O capítulo dos transtornos mentais simplificou os códigos das doenças mentais com o intuito de tornar mais fácil o sistema para os que trabalham na atenção primária. A OMS levou em consideração a escassez de psiquiatras em muitas regiões – cerca de nove em dez pessoas que precisam de assistência psiquiátrica não a recebe.

Duas outras condições, até então classificadas dentro dos transtornos mentais e do comportamento, foram removidos dessa categoria e ganharam capítulos próprios. São eles o “transtorno do sono-vigília” (capítulo 7) e as “condições relativas à saúde sexual” (capítulo 17). As disfunções sexuais e a incongruência de gênero fazem agora parte deste novo capítulo, não mais sendo consideradas como distúrbios mentais.

Em minha opinião, com a criação de um capítulo sobre saúde sexual, a CID-11 iniciou um revolução. A saúde, tradicionalmente dividida em física e mental, agora é tripartite, ou seja, temos agora, segundo a OMS, três modalidades de saúde: física, mental e sexual. A tradicional separação do humano em corpo e alma, agora se torna corpo, alma e sexualidade. Além da separação tradicional de corpo e mente, temos agora a sexualidade separada de corpo e mente. Prossegue a tradição que começou com Kant fragmentando o conhecimento em áreas que não necessariamente dialogam entre si. Não sei se os filósofos já perceberam isso, mas suscitará bons e esclarecedores debates.

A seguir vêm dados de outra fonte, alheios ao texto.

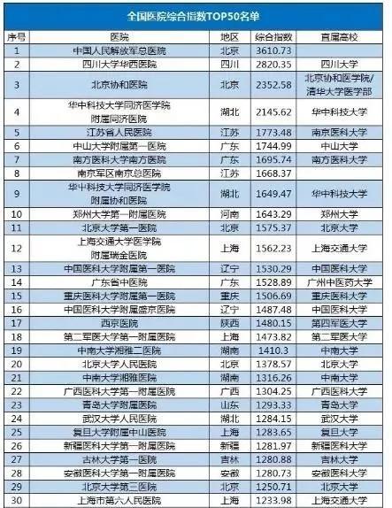 全国综合指数较高的医院多为高校附属医院,随着高校与医院之间的协同合作增强,我国医学整体实力将有长远进步。
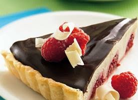 5. In 1-quart saucepan, melt semisweet chocolate and butter over low heat, stirring frequently; carefully pour and spread over white chocolate layer. Refrigerate at least 2 hours until set. To serve, let stand at room temperature about 30 minutes to soften chocolate layers. Cover and refrigerate any remaining tart. Garnish each slice with fresh raspberries and white chocolate curls.
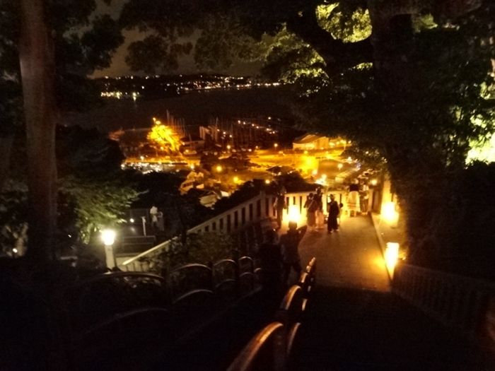 中津宮からの下り階段から見たヨットハーバー。階段途中からの参道の灯籠。そして展望台からのヨットハーバー。再び『WorldSailing Japan 2018-2020 World Cup Series』。辺津宮方面への参道。ヨットハーバーのクラブハウス。辺津宮への階段と石鳥居。そして奥に朱の辺津宮が見えて来た。灯籠が両側に。八坂神社の前にあるむすびの樹は縁結びの祈願をするには絶好の場所。辺津宮の境内に戻る。見事な赤に輝く奉安殿は、辺津宮の左側に。人の数も少なく。重要文化財でもある弁財天様が祀られている奉安殿。御神籤越しの奉安殿。辺津宮ご社殿の向かい側には銭洗い白龍王が鎮座。不浄の念を洗い流すことで金運がアップするのだと。辺津宮。『奉祝 天皇陛下御即位三十年』と書かれた幟。辺津宮を再び正面から。茅の輪潜り。斜めから。階段の下に手水舎。階段には樹木の影が。参道の階段を登る途中にあるのが商売繁盛のパワースポット福石。福石は盲目の鍼灸師、杉山検校(けんぎょう)という方のゆかりの石。「弁財天童子石像」。江ノ島神社のご鎮座1450年を記念して奉献。瑞心門下から江の島大橋を見る。朱の鳥居。ライトアップされた瑞心門を振り返る。無熱池。無熱池は龍が住んでいてどんな日照りのときでも水が枯れた事がないという伝説の池。再び鋏塚。無熱池前から瑞心門を見上げる。江島神社と書かれた弁財天のシンボルでもある琵琶の形と瑞心門。朱の鳥居と瑞心門のライトアップ。灯籠には天女と江の島の姿が影絵の如くに。店の二階の格子戸も美しい輝きを。ショーウインドウの梟も美しく輝いて。ステンドグラスの如きランプも。弁財天の置物。この時間には参道を上る人の姿は少なかった。参道入口の鳥居まで下る。鮮魚屋も片付けの真っ最中。江の島弁天橋を渡る。『潮騒』のモニュメント。ライトアップされた巨大な石灯籠を再び。自動車道路側の石灯籠。そして洲鼻通りを急ぎ、龍口寺のライトアップを撮影し戻る。そして小田急線片瀬江ノ島駅から帰宅したのであった。 ・・・その4に戻る・・・ ・・・END・・・
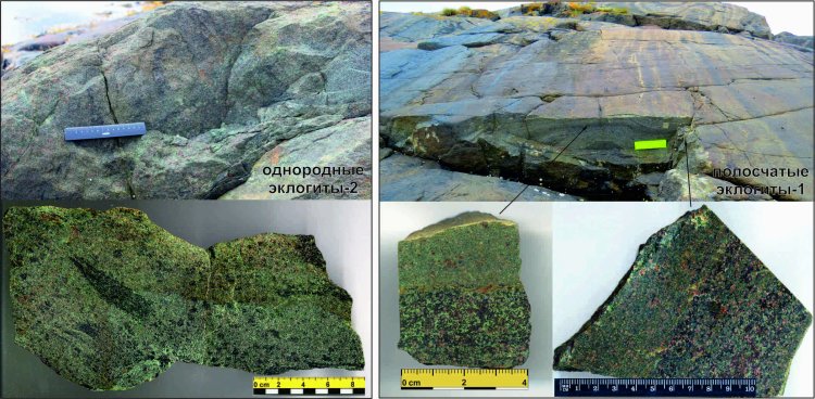 Эклогиты – это редкие горные породы, образованные при высоком давлении и относительно низкой температуре на глубинах более 50 километров. Такие условия возникают в зонах субдукции, то есть там, где одна тектоническая плита погружается под другую. Как правило, это сопровождается активным вулканизмом и землетрясениями, как, например, недавние извержения и толчки на Камчатке. Кроме этих зримых и ощущаемых всеми геологических процессов происходят и незаметные сразу: океанические породы, погрузившись сначала на большую глубину и превратившись в эклогиты, как по конвейерной ленте, возвращаются к поверхности. Сегодня их можно обнаружить в разных точках земного шара. Чаще в горных системах, например, в Гималаях, на Урале, встречаются относительно молодые эклогиты, которым несколько десятков или сотен миллионов лет. Более древние, возрастом до 2 млрд лет, известны в Шотландии и Танзании. Эклогиты еще древнее – большая редкость в мире, такие породы обнаружены и описаны в конце XX века карельским ученым-геологом Олегом Володичевым в районе села Гридино на побережье Белого моря. Заявление ученых о том, что возраст беломорских эклогитов может составлять 2,7 млрд лет, стало сенсацией в научных кругах.

O novo capítulo “Condições relacionadas á saúde sexual” recebe condições antes incluídas no capitulo das doenças mentais. Por exemplo, a incongruência de gênero está agora alocada nesse capítulo, isto é, não é mais um transtorno mental e do comportamento, mas um transtorno da saúde sexual. Com isso, elimina-se a associação dessa condição com transtorno mental, que tanto estigmatizava as pessoas transgêneros.

São mudanças que parecem iniciar a recondução da psiquiatria de volta às suas bases empíricas. A psiquiatria torna-se mais psiquiatria.